## Problem to work on
For the listing that follows, give again exactly the lines from the one with "내부적으로 파일 포인터를" to the one with "I'm Michael and", including both.

## Supplied records

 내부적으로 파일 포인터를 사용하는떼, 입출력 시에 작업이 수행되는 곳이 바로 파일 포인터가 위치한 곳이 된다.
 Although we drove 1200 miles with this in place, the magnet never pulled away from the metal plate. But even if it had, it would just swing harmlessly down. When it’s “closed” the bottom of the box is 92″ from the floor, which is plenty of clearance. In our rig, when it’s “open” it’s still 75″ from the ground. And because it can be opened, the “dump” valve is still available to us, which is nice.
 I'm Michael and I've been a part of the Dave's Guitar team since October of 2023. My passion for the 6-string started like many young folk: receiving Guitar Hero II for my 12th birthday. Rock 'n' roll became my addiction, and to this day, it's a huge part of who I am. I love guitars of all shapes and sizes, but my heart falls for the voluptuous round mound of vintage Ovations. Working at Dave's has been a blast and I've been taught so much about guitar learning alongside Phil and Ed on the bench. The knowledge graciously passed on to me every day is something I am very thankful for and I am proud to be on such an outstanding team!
==
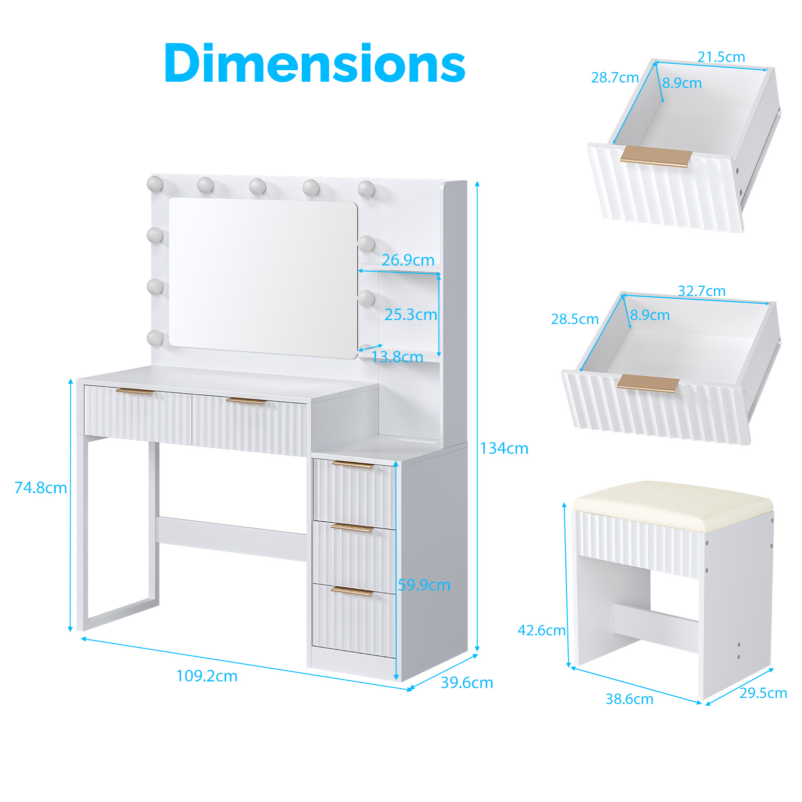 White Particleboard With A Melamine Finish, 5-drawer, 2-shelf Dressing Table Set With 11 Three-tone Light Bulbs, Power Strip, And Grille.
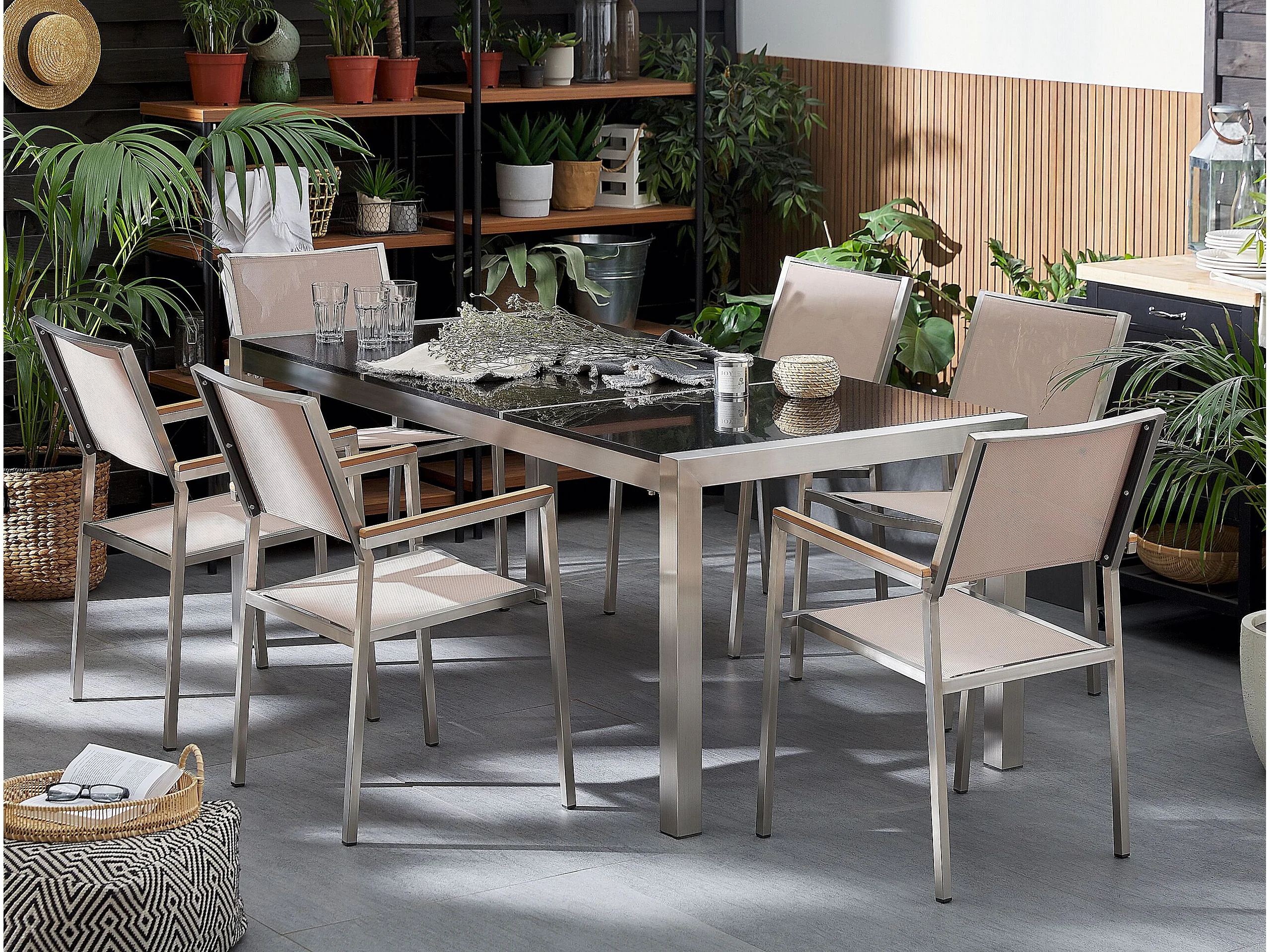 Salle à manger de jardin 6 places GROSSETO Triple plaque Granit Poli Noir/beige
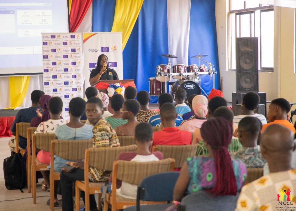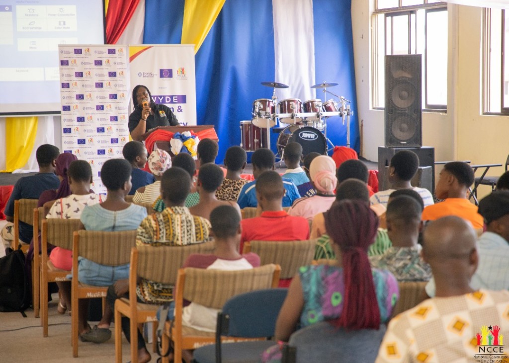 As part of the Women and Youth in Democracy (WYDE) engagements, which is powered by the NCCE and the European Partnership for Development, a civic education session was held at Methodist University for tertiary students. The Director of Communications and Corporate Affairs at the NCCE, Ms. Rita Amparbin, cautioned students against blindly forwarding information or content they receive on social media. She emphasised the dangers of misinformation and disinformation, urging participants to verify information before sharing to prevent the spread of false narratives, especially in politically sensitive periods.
...
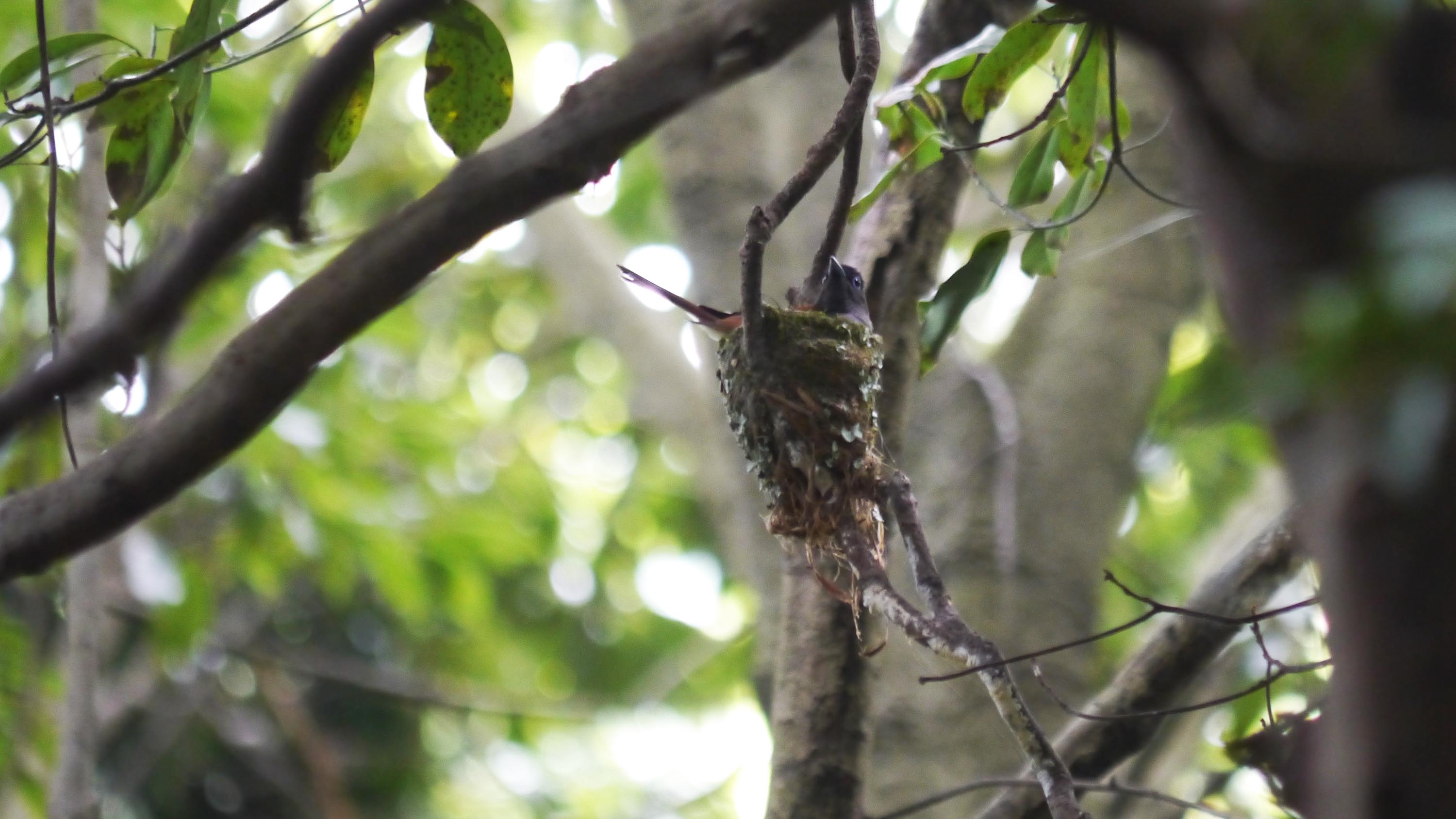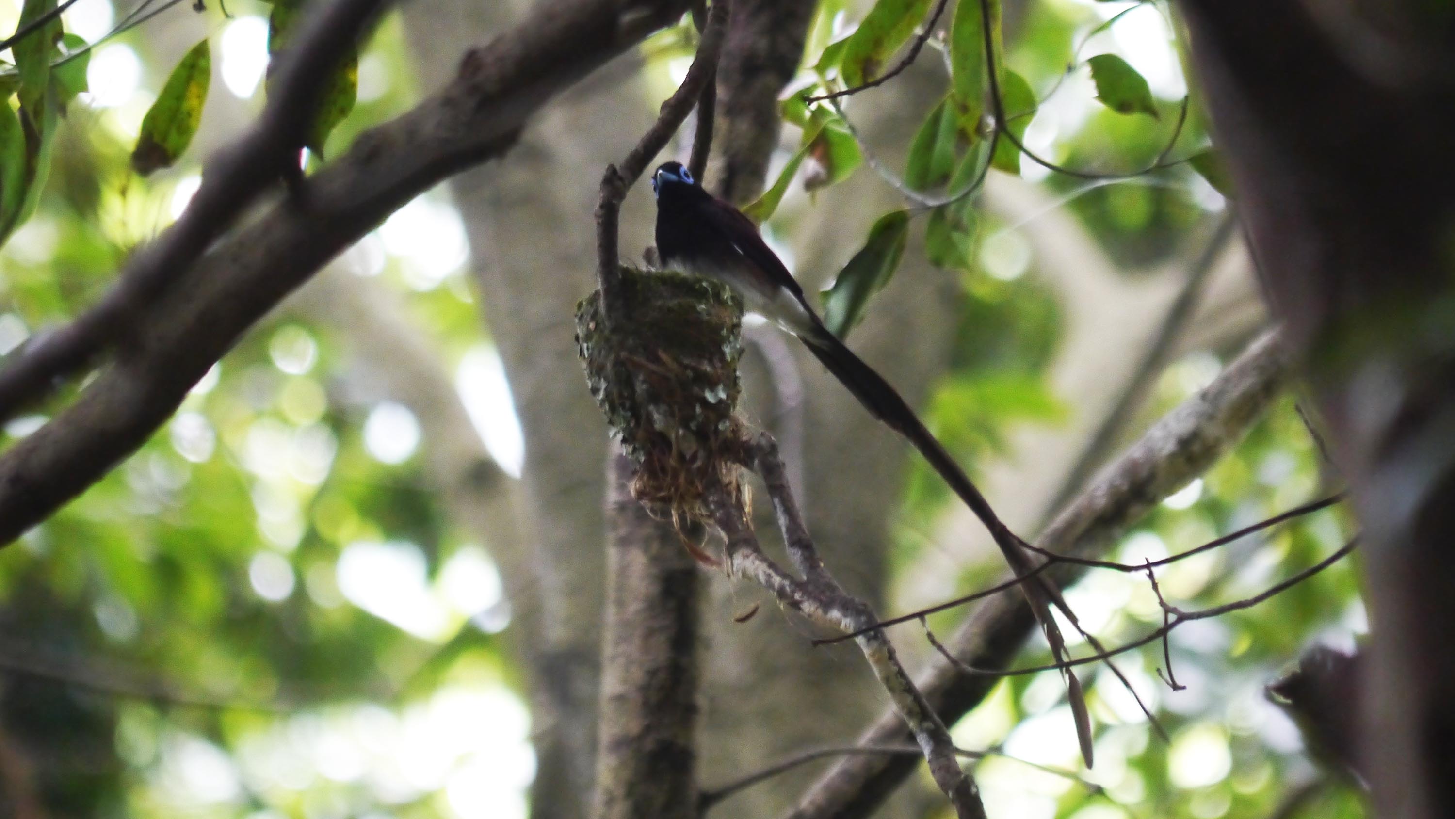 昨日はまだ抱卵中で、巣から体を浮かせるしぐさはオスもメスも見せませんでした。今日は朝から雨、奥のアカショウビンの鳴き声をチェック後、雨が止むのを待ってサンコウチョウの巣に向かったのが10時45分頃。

## Your solution
 내부적으로 파일 포인터를 사용하는떼, 입출력 시에 작업이 수행되는 곳이 바로 파일 포인터가 위치한 곳이 된다.
 Although we drove 1200 miles with this in place, the magnet never pulled away from the metal plate. But even if it had, it would just swing harmlessly down. When it’s “closed” the bottom of the box is 92″ from the floor, which is plenty of clearance. In our rig, when it’s “open” it’s still 75″ from the ground. And because it can be opened, the “dump” valve is still available to us, which is nice.
 I'm Michael and I've been a part of the Dave's Guitar team since October of 2023. My passion for the 6-string started like many young folk: receiving Guitar Hero II for my 12th birthday. Rock 'n' roll became my addiction, and to this day, it's a huge part of who I am. I love guitars of all shapes and sizes, but my heart falls for the voluptuous round mound of vintage Ovations. Working at Dave's has been a blast and I've been taught so much about guitar learning alongside Phil and Ed on the bench. The knowledge graciously passed on to me every day is something I am very thankful for and I am proud to be on such an outstanding team!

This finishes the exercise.